Di Isacco Tacconi - http://radiospada.org/
Il 20 novembre scorso sul blog “Libertà e Persona” è apparso un intervento di Fabrizio Cannone, buon amico che stimo con affetto sincero, ma che mi ha lasciato piuttosto scosso per le conclusioni etico-pratiche che ne scaturiscono. Il tema è quello della moralità della scelta del male minore, la quale, secondo il Nostro, in certi casi diverrebbe ben più di un’opzione possibile bensì un dovere. Ebbene, vediamone i presupposti e i risvolti.
Cannone si scaglia contro “i puristi, o teorici del non-male minore”, che si oppongono ostinatamente ad ogni tipo di legge iniqua, per esempio, dice lui, anche ad una ipotetica legge compromesso che chiama “195”, che limiterebbe l’aborto entro il primo mese di gravidanza. Costoro, secondo Cannone, sarebbero addirittura colpevoli e responsabili dei bambini che continuano ad essere abortiti fino al terzo mese a causa della legge 194. La loro colpa risiederebbe nel non opporsi positivamente votando il governo “meno peggio” o la legge, appunto, del “male minore”. Ossia, Cannone fa un’affermazione, a mio avviso, gravissima, secondo cui coloro che votassero una legge che “limitasse” il numero degli aborti (per esempio la 195), senza eliminarli, e ne consentisse, però, un numero limitato, non sarebbero responsabili di quei “pochi” aborti, anzi prenderebbero il merito di aver fatto uccidere, per esempio, soltanto 5 bambini su 10. Mentre chi si astenesse dal votare una tale legge “compromesso” lasciando che i “cattivi” approvino una legge che consente un numero maggiore di aborti, sarebbe responsabile di tutti gli aborti commessi in seguito a tale legge, per esempio, 8 bambini su 10.
L’assurdità di questa congettura è talmente smisurata che mi sconcerta il solo riflettervi per confutarla. Ma confutarla bisogna, per onore della Verità.
La radice di questa etica del “male minore” nasce da un rassegnato giudizio di realtà secondo cui: “le cose ormai stanno così, ed è inutile pensare di vivere in una società ideale altra da quella presente, perciò sfruttiamo tutto ciò che possiamo per il bene anche se ciò comporta dei sacrifici in termini di verità e di bene assoluti”.
Questa è, a mio avviso, una tentazione umana priva di fede e di speranza soprannaturale. Non dobbiamo dimenticare, infatti, che la vita di ogni uomo, come quella della società, non può e non deve essere schiava di un determinismo storicista che ne detti le regole del gioco. I cattolici non potranno e non dovranno mai acconsentire ad un sistema radicalmente corrotto e anticristiano come quello democratico di stampo rousseauiano. Il cedere sulla verità tutta intera per una disillusa accettazione degli eventi ormai ineluttabili, ha portato ai mostri delle leggi 194 e 40 con i loro milioni di aborti “umanitari”.
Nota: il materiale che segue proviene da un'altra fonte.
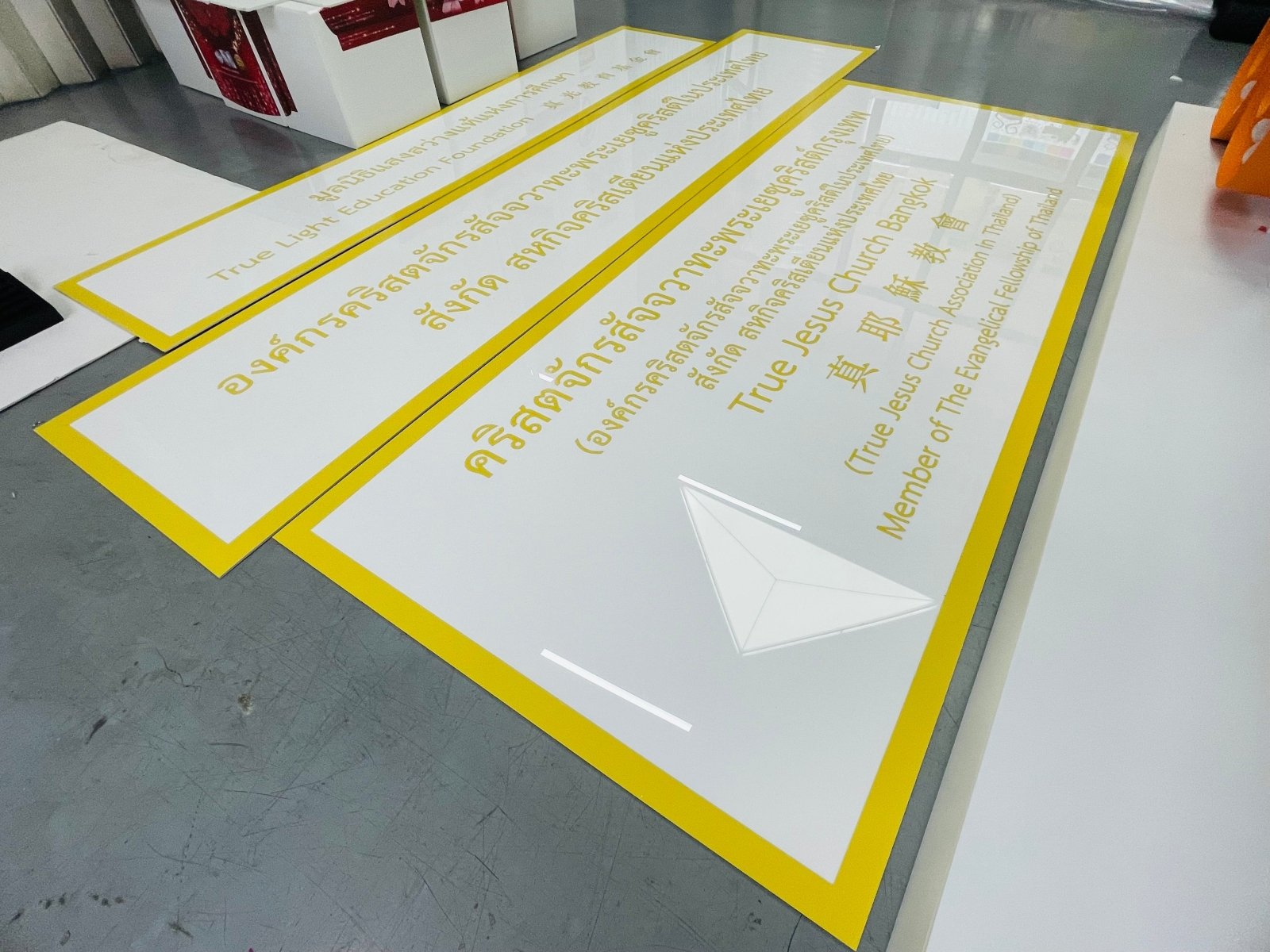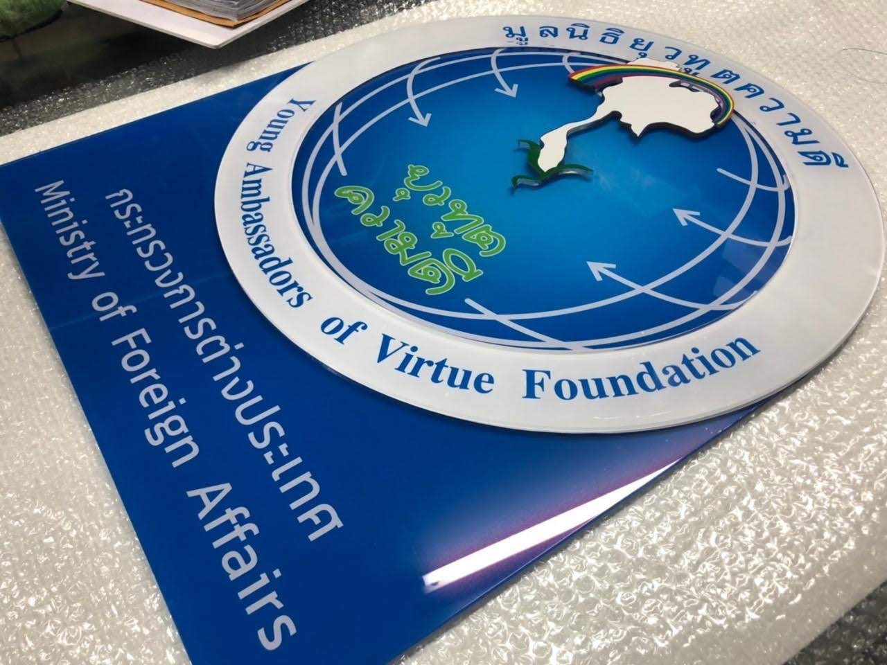 - ป้ายโลโก้ อักษรอะคริลิคไดคัท ติดในมูลนิธิ เป็นแผ่นพาสติกแข็งหลากหลายความหนา ทนทาน ทนแดด ทนฝน สามารถติดตั้งภายนอกอาคารได้

Ma perché mai parte del mondo cattolico, diciamo, “conservatore” rifiuta ogni strenua opposizione alla dittatura liberal-democratica? Io credo perché essa ci dà l’illusione di avere un potere decisionale, di poter noi popolo in quanto popolo determinare il nostro regime di governo, di essere noi i veri “governanti” che decidono a chi affidare lo scettro del comando, se a questo o a quel candidato politico.
Tuttavia il potere decisionale, ossia l’autorità, non spetta al “popolo”, l’autorità è dispensata dall’alto e non dal basso, per questo la democrazia è contro natura. Il Diritto, sia naturale che positivo, è radicato in Dio fonte di ogni norma, e Iddio non ha dato all’uomo il permesso di mettersi al di sopra del diritto naturale divino, bensì di osservare ed applicare le leggi che Egli ha stabilito ab aeterno et in aeternum. Non sono i figli che scelgono il padre, né un padre potrebbe mai gettare la responsabilità dei propri errori sui figli, allo stesso modo non si può pretendere che la responsabilità delle colpe dei politici siano da riferire agli “elettori” giacché non spetta a loro tale onere. Tanto più sapendo, se non viviamo in un mondo ideale, che le decisioni importanti per i popoli vengono prese in luoghi e sedi che non sono le aule parlamentari. L’illusione della democrazia, ossia che il popolo sia depositario di un reale potere decisionale è il più grande inganno della Storia. E’ la vecchia menzogna satanica del “sarete come dèi”, che illude i popoli di essere loro stessi ad autodeterminarsi e a mettere a proprio capo il re, il politico, il presidente o il vitello d’oro da loro scelto o fabbricato. Se cadiamo nella trappola democratista, ovviamente dobbiamo sottostare anche alle regole del suo gioco, che non abbiamo fatto noi, né tantomeno Dio, ed accettare di conseguenza la logica del male minore.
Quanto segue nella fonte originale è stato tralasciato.